Created on 2013-05-06 11:14 by sconseil, last changed 2022-04-11 14:57 by admin. This issue is now closed.

Files
File name Uploaded Description Edit
report.txt sconseil,2013-05-06 11:14 Minimal example to reproduce the issue
test_codecs.py vstinner,2013-05-06 21:51
XMLGenerator_codecs_stream.patch serhiy.storchaka,2013-05-07 13:43 review
Messages (12)
msg188508 - (view) Author: Simon Conseil (sconseil) * Date: 2013-05-06 11:14
There is an encoding issue between codecs.open and sax (see attached file). The issue is reproducible on Python 3.3.1, it is working fine on Python 3.3.0
msg188587 - (view) Author: Antoine Pitrou (pitrou) * (Python committer) Date: 2013-05-06 20:31
Since this is a regression, setting (temporarily perhaps) as release blocker.
msg188599 - (view) Author: STINNER Victor (vstinner) * (Python committer) Date: 2013-05-06 21:48
It looks like a regression of introduced by the fix of the issue #1470548, changeset 66f92f76b2ce.

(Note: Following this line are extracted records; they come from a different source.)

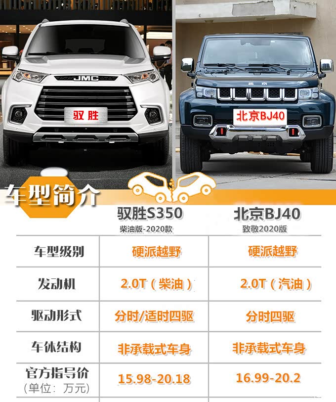 2020款高配的北京BJ40与江铃驭胜S350裸车价相差不大,都是20万内便可入手到的越野车型!不过配置上的差异就有点让人目瞪口呆了。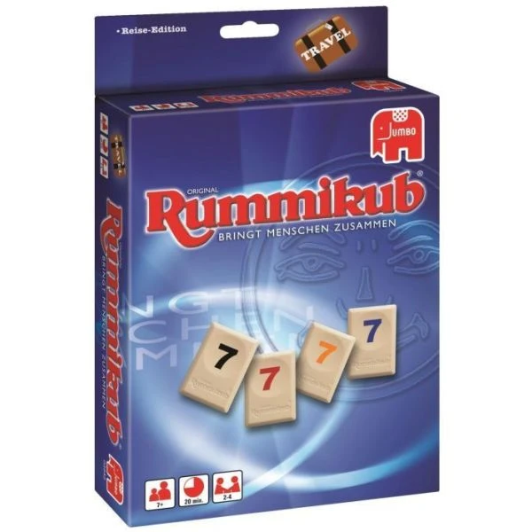 Ziel des Spiels ist es, der erste Spieler zu sein, der alle seine Spielsteine in Zahlengruppen oder -reihen abgelegt hat und die höchste Punktzahl erzielt. Das Rummikub-Reisespiel hat eine praktische kleine Aufbewahrungsbox und kleine Spielsteine. Dadurch kann man Rummikub® ganz einfach überall hin mitnehmen! Für 2-4 Spieler. Ab 8 Jahren. Spieldauer: ca. 20 Minuten.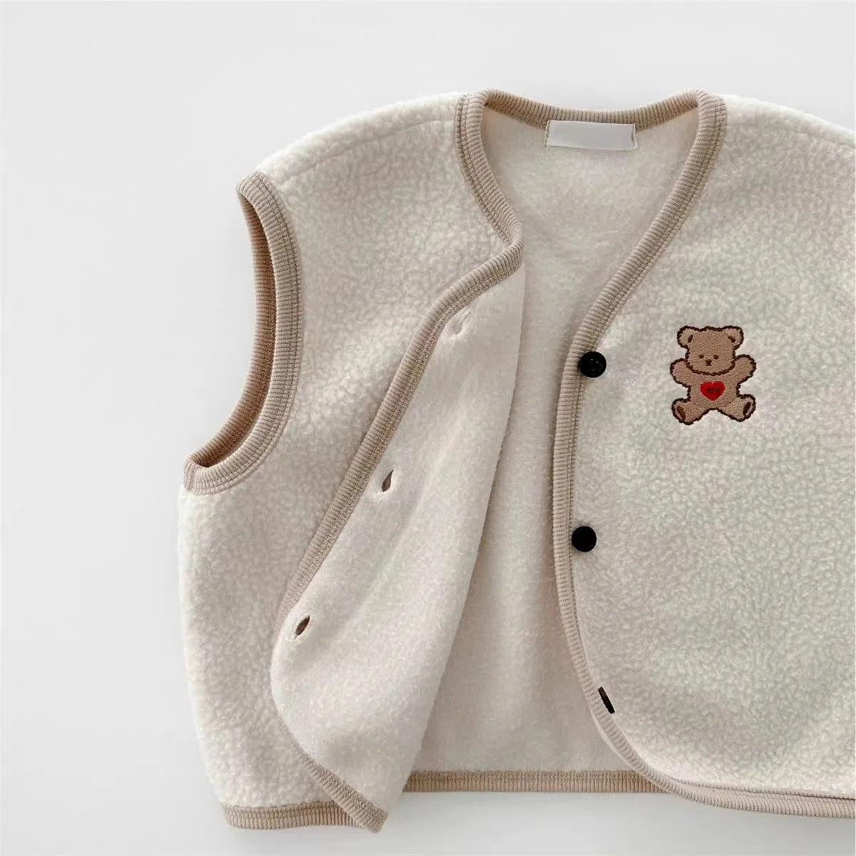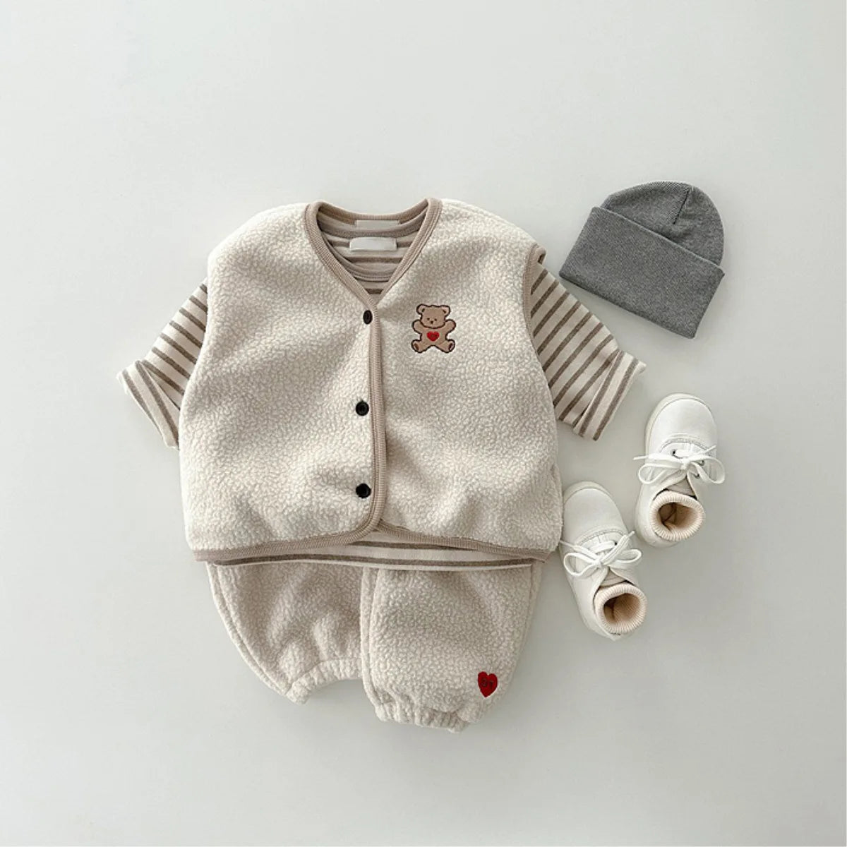 Cartoon Bear Fleece Vest & Pants Set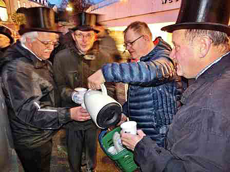 Am Treffpunkt der "Trauergemeinde" gibt es erst einmal für die selbige geistige Getränke zur Stärkung. Dann marschiert der "Trauerzug" mit klingendem Spiel durch die Fußgängerzone um sich an weiteren drei bis vier Stationen zu stärken bis zum Stroblerplatz am IBSV-Schießstand auf der Alexanderhöhe.

msg188600 - (view) Author: STINNER Victor (vstinner) * (Python committer) Date: 2013-05-06 21:51
Extracted test from report.txt. Test with Python 3.4: $ ./python test_codecs.py Traceback (most recent call last): File "test_codecs.py", line 7, in xml.startDocument() File "/home/haypo/prog/python/default/Lib/xml/sax/saxutils.py", line 148, in startDocument self._encoding) File "/home/haypo/prog/python/default/Lib/codecs.py", line 699, in write return self.writer.write(data) File "/home/haypo/prog/python/default/Lib/codecs.py", line 355, in write data, consumed = self.encode(object, self.errors) TypeError: Can't convert 'bytes' object to str implicitly _gettextwriter() of xml.sax.saxutils does not recognize codecs classes. (See also the PEP 400 :-)).

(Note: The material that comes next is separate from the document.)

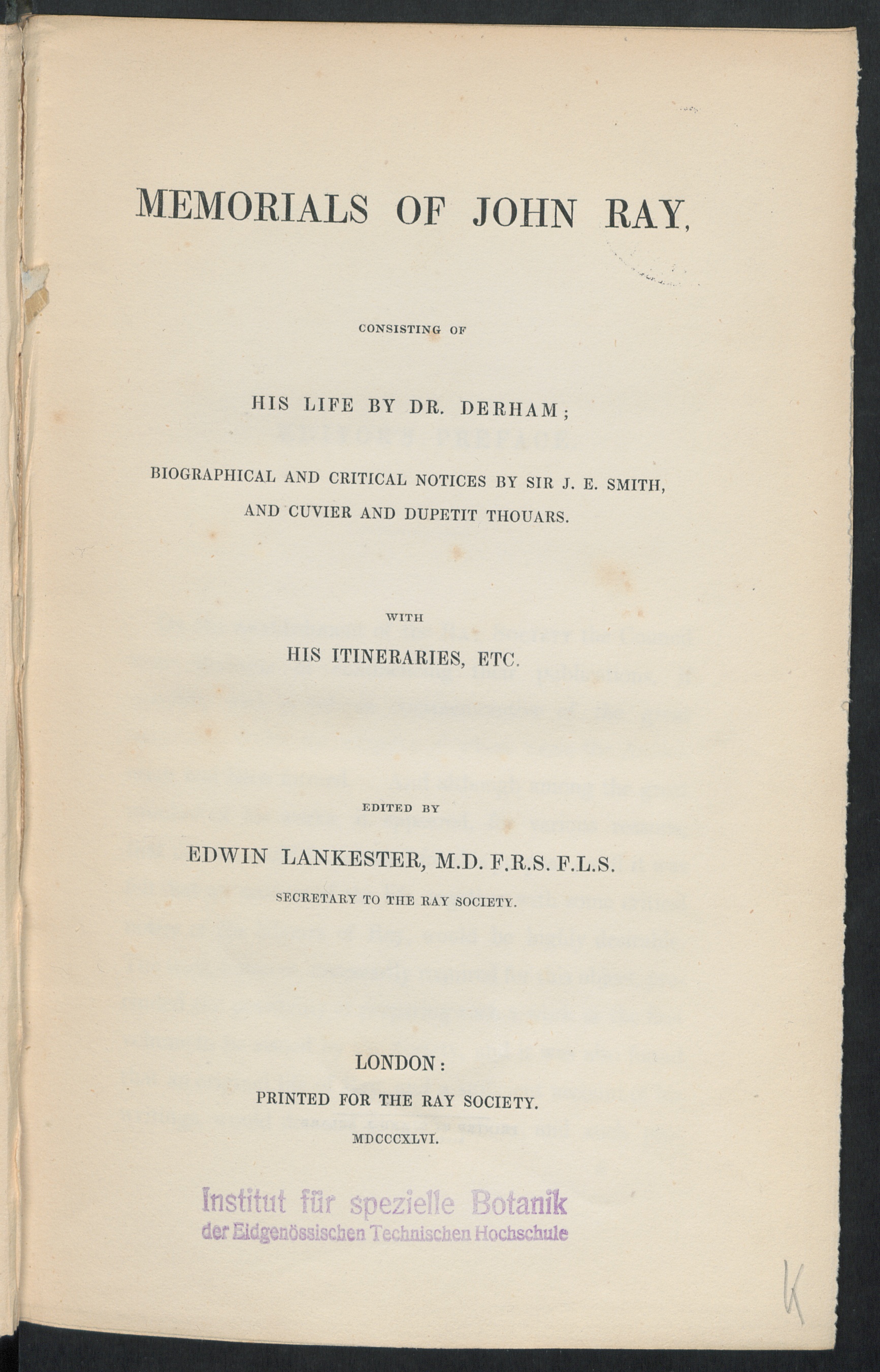 Memorials of John Ray : with his itineraries, etc / consisting of his life by Dr. Derham, biographical and critical notices by Sir J.E. Smith, and Cuvier and Dupetit Thouars. Ed. by Edwin Lankester

msg188640 - (view) Author: Serhiy Storchaka (serhiy.storchaka) * (Python committer) Date: 2013-05-07 10:50
It is not working fine on Python 3.3.0. >>> with codecs.open('/tmp/test.txt', 'w', encoding='iso-8859-1') as f: ... xml = XMLGenerator(f, encoding='iso-8859-1') ... xml.startDocument() ... xml.startElement('root', {'attr': u'\u20ac'}) ... xml.endElement('root') ... xml.endDocument() ... Traceback (most recent call last): File "", line 4, in File "/home/serhiy/py/cpython-3.Lib/xml/sax/saxutils.py", line 141, in startElement self._write(' %s=%s' % (name, quoteattr(value))) File "/home/serhiy/py/cpython-3.Lib/xml/sax/saxutils.py", line 96, in _write self._out.write(text) File "/home/serhiy/py/cpython-3.Lib/codecs.py", line 699, in write return self.writer.write(data) File "/home/serhiy/py/cpython-3.Lib/codecs.py", line 355, in write data, consumed = self.encode(object, self.errors) UnicodeEncodeError: 'latin-1' codec can't encode character '\u20ac' in position 7: ordinal not in range(256) And shouldn't. On Python 2 XMLGenerator works only with binary files and "works" with text files only due implicit str->unicode converting. On Python 3 working with binary files was broken. Issue1470548 restores working with binary file (for which only XMLGenerator can work correctly), but for backward compatibility accepting of text files was left. The problem is that there no trustworthy method to determine whenever a file-like object is binary or text. Accepting of text streams in XMLGenerator should be deprecated in future versions.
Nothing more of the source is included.